DATA SUPPLIED
[Start of Attachment]

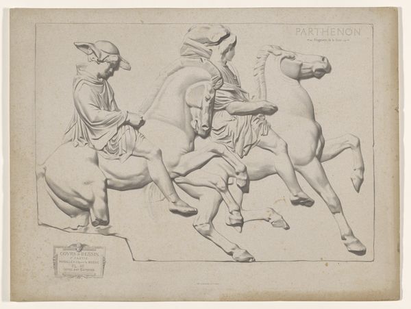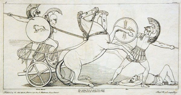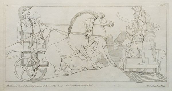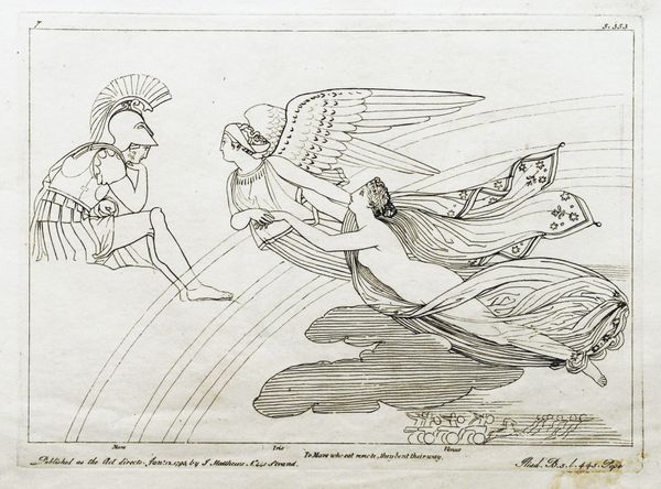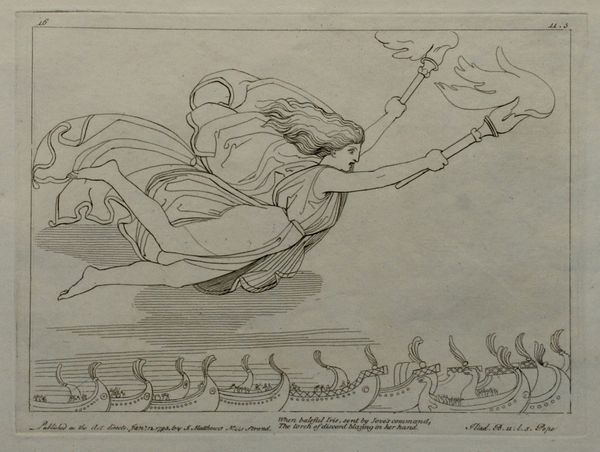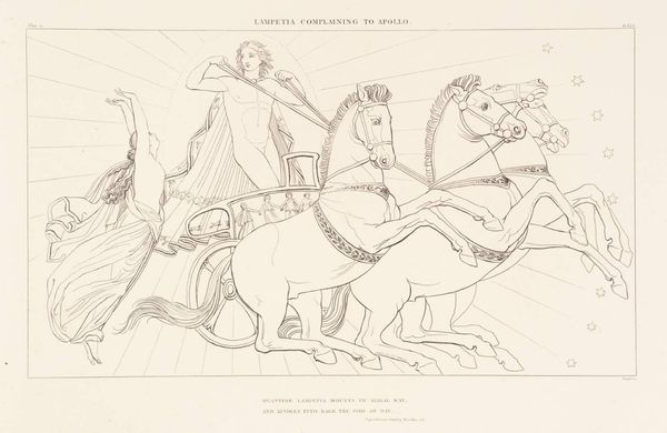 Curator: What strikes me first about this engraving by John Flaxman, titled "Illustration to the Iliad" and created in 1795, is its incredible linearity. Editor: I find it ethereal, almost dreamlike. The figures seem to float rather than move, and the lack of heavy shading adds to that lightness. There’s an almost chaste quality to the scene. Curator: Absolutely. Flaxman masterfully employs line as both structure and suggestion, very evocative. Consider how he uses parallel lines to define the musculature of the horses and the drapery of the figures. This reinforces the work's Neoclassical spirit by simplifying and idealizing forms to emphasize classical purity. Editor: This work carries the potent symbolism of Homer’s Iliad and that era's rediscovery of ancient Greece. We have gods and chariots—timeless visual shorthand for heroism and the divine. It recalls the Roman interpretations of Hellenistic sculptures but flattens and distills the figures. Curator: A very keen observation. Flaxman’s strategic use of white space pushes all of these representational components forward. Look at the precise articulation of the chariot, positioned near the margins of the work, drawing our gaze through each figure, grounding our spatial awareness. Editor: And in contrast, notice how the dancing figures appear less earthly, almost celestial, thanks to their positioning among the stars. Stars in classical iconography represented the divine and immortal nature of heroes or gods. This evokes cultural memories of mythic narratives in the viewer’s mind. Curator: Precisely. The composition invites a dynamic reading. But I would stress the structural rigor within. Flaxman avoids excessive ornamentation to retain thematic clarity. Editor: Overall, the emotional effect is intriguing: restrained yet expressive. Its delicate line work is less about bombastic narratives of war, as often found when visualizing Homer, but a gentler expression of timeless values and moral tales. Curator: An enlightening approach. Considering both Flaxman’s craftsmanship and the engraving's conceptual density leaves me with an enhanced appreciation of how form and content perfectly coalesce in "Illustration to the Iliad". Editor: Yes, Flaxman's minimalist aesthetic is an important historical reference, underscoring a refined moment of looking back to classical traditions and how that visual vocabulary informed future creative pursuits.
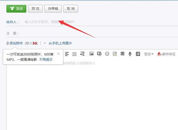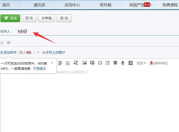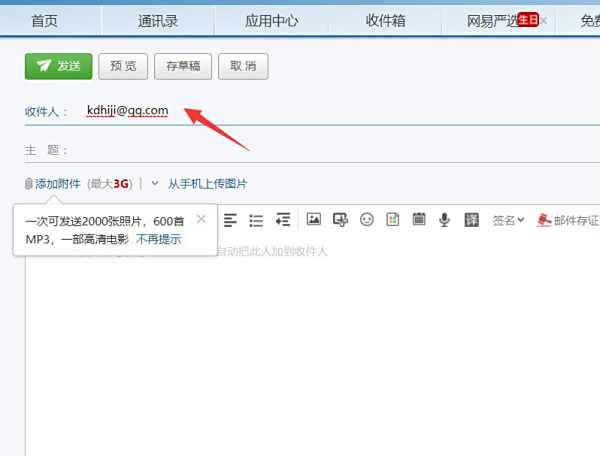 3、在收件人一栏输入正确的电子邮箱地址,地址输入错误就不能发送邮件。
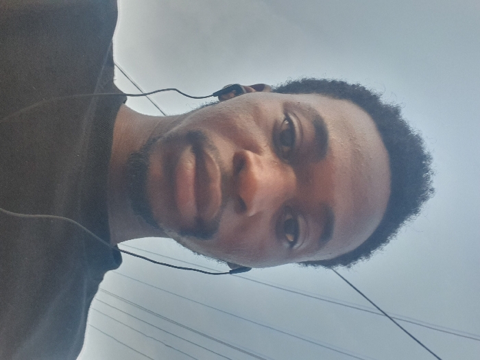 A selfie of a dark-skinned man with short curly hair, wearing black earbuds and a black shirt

[End of Attachment]
[Start of Attachment]

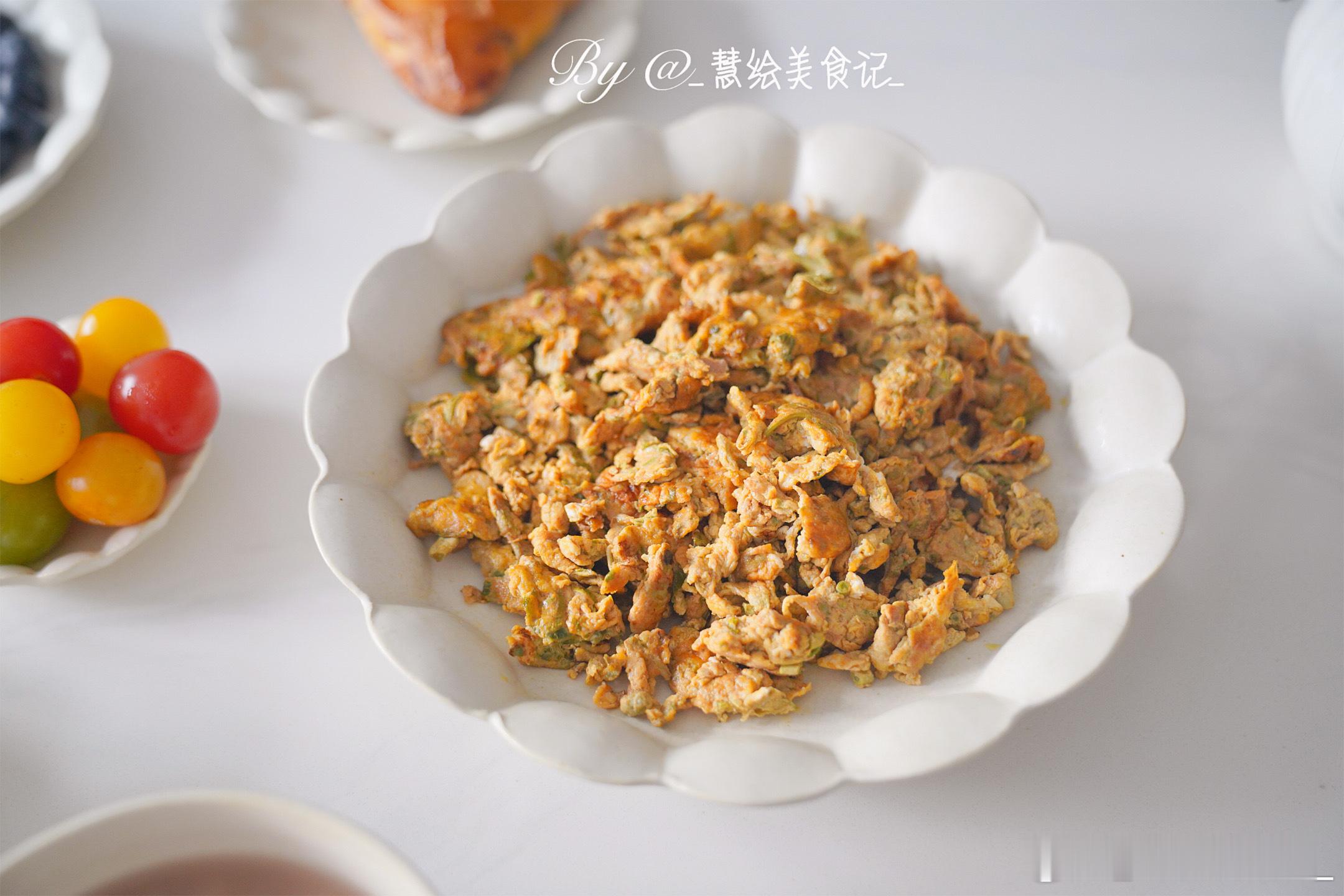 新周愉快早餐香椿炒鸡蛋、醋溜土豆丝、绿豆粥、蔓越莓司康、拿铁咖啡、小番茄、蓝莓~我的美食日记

[End of Attachment]

TASK DESCRIPTION
Print the part of the listing above that opens with the line containing "3、在收件人一栏输入正确的电子邮箱地址,地址输入错误就不能发送邮件。" and closes with the line containing "A selfie of". Copy it exactly, both ends included, and omit the pictures.

ANSWER TO THIS PROBLEM
 3、在收件人一栏输入正确的电子邮箱地址,地址输入错误就不能发送邮件。
 A selfie of a dark-skinned man with short curly hair, wearing black earbuds and a black shirt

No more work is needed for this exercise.